Does it mean you have never experienced any of the conjectures or experiences where the vehicle conveying a corpse would refuse to move until something was done?
That hasn’t happened to me, but my dad had experienced it before. I wasn’t there, so I wasn’t privy to it, but I heard about it. I’m a born again Christian and that makes a lot of difference. In the foreseeable future, this (funeral service) is what I’ve been called to do. And that is what I want to do. Interestingly, it is not even about the money. The crux of the work is serving people, supporting and helping people.
How has this job impacted your views about life?
Hold nothing tight; everything should be loose in your hands because we are all going to die, just that we don’t know when, unless Jesus comes. There is really nothing that you shouldn’t be able to let go of. People should learn to stay away from anything that could rob them of their peace because once you are dead, that is the end. Everybody looks the same when they are dead, no matter how good looking you were. There is no casket that is the size of a house, so everybody will still be lowered down there. That is why I said it is more of rendering service.
You work mostly on weekends, how do you find time to relax and spend time with your family?

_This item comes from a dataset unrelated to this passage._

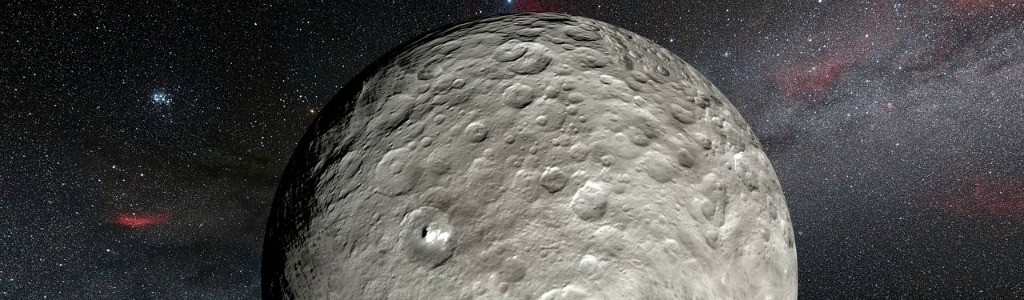 Cérès est le corps le plus volumineux de la ceinture d’astéroïdes située entre Mars et Jupiter et le seul objet de ce type classé parmi les planètes naines. La sonde spatiale Dawn de la NASA est demeurée en orbite autour de Cérès durant plus d’une année et a livré une cartographie détaillée de sa surface. La découverte de taches très brillantes, qui réfléchissent bien plus de lumière que le reste de la surface, beaucoup plus sombre, a constitué l’une des plus surprenantes découvertes. La tache la plus étendue occupe le centre du cratère Occator et suggère que Cérès présente une activité interne nettement plus importante que la plupart de ses voisins de la ceinture d’astéroïdes.
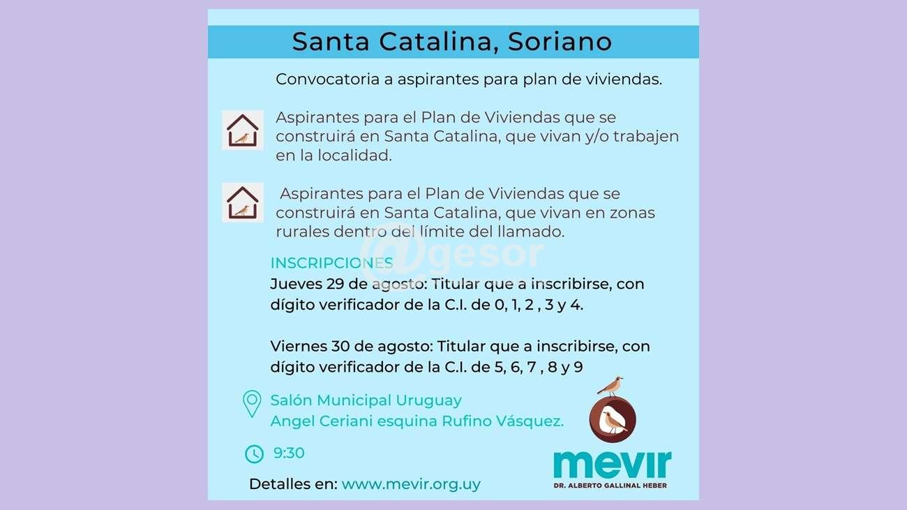 Por más información: https://www.mevir.org.uy/index.php/llamados-a-vivienda-nueva/217-convocatoria-a-aspirantes-para-plan-de-viviendas-en-santa-catalina-soriano

My social life has changed a lot. I can’t even go to all the places I’m invited, so I just trust that my friends and family understand. Any weekend that I’m free, I love to stay with my family and that is exciting. I love to cook. I don’t have as much time as I would have liked to but I still cook. My family is priority. Regardless of how busy I am, I make time for my family. In the schedule of things, God first, then my family and everything else.